Material supplied Block Start

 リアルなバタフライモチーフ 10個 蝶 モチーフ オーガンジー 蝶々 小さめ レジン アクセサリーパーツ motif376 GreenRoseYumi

Material supplied Block End
Material supplied Block Start

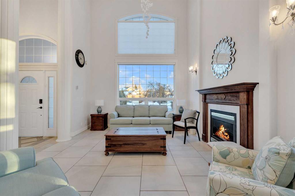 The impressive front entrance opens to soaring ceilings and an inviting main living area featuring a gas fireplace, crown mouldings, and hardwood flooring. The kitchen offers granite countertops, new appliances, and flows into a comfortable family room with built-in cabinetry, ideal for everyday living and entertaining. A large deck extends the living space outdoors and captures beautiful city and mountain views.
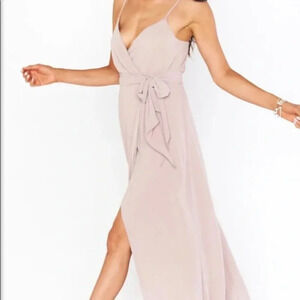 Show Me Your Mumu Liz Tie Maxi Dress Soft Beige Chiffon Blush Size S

Material supplied Block End

Take the material above and output only the lines from the one that contains "The impressive front" through the one that contains "Show Me Your", ends included and images left out.

* **Expected output**
 The impressive front entrance opens to soaring ceilings and an inviting main living area featuring a gas fireplace, crown mouldings, and hardwood flooring. The kitchen offers granite countertops, new appliances, and flows into a comfortable family room with built-in cabinetry, ideal for everyday living and entertaining. A large deck extends the living space outdoors and captures beautiful city and mountain views.
 Show Me Your Mumu Liz Tie Maxi Dress Soft Beige Chiffon Blush Size S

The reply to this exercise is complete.